Adele no tenía en ella ni la más pequeña porción de sionismo. Sionismo, comunismo, socialismo…, todo eso era una broma para ella: un chiste que debía ser desinfectado y removido para dejar todo limpio y reluciente para las cosas auténticas de la vida: amor, quietud, belleza, cantidades suficientes de comida saludable (nunca demasiada), ropa linda y, de ser necesarios, como se fue viendo con los años, doctores también.
Adele realmente no quería ir a Israel. Sí, ella dirigía con devoción las actividades del capítulo Jabes de la Hashomer Hatsair en el Cairo, pero lo hacía solamente por Vita, el consejero. Su plan de vida a largo plazo era establecerse en Francia, cerca de su media hermana Beatrice, y estudiar la carrera de química en la Sorbona.

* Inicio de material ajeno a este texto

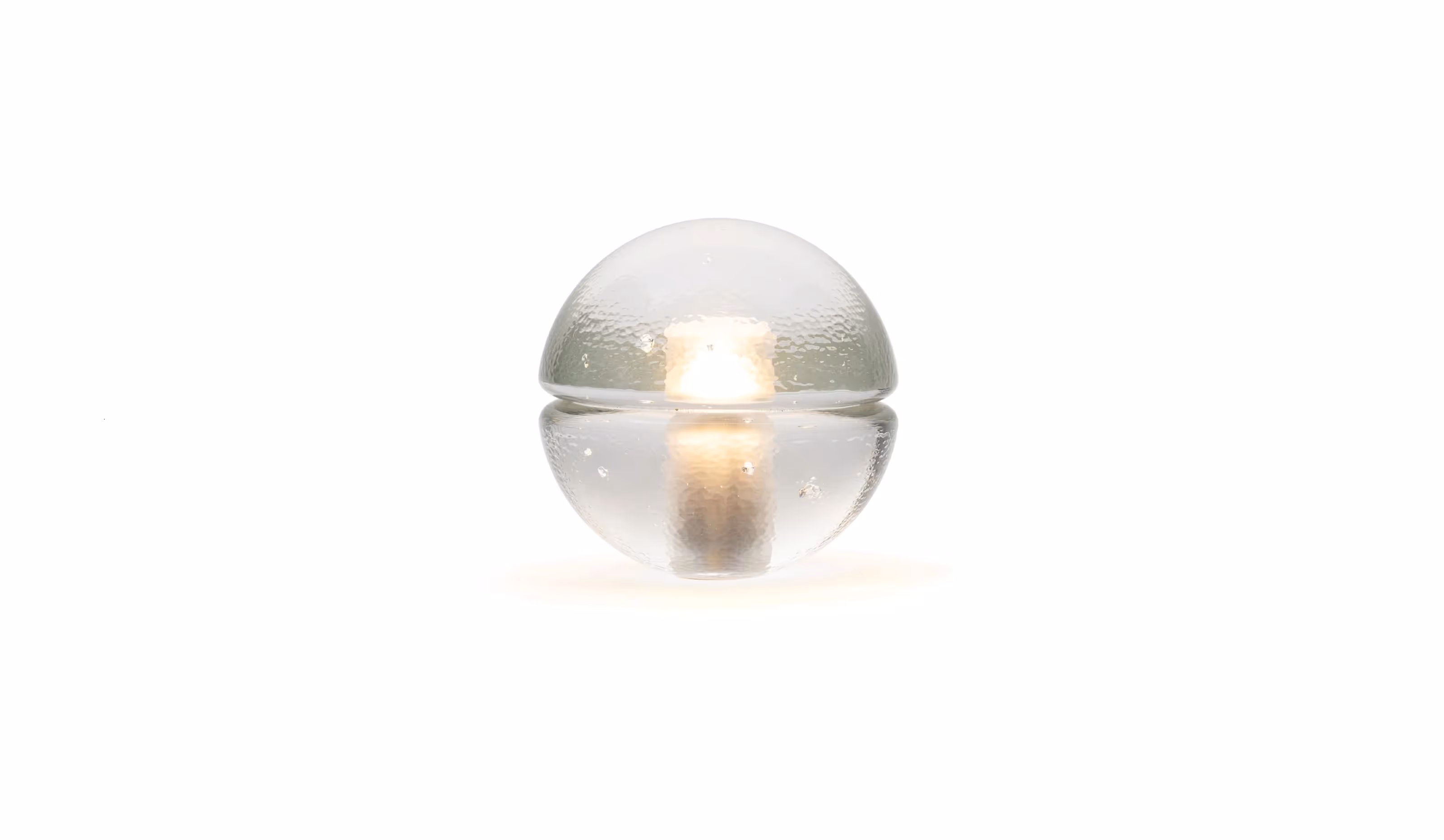 14p transforms Bocci’s iconic 14 Series, first launched in 2005, into a portable, candle-like table light. The rechargeable cast-glass pendant—made of two imperfect poured-glass hemispheres—is fully wireless. Anywhere you go, so does 14p’s rippling, watery glow. Press button to change through three ambient lighting levels.

Sólo por el poder de su amor por el guapo y noble Vita, promotor de la igualdad y la hermandad, diligente y serio activista en los capítulos de El Cairo de la Hashomer Hatsair, que ansiaba llegar a Israel, y que a cambio le devolvió un amor leal y verdadero hasta el día de su muerte…, sólo por eso ella alteró sus planes: llegó a Israel y a partir de ahí empezó a poner su vida en movimiento.
Ya en la adolescencia, ella se había dado cuenta de que era un tipo extraordinario, raro y único, por el que valía la pena alterar todos los planes y llenarse de cualquier idealismo, pues lo esencial era conquistar su corazón.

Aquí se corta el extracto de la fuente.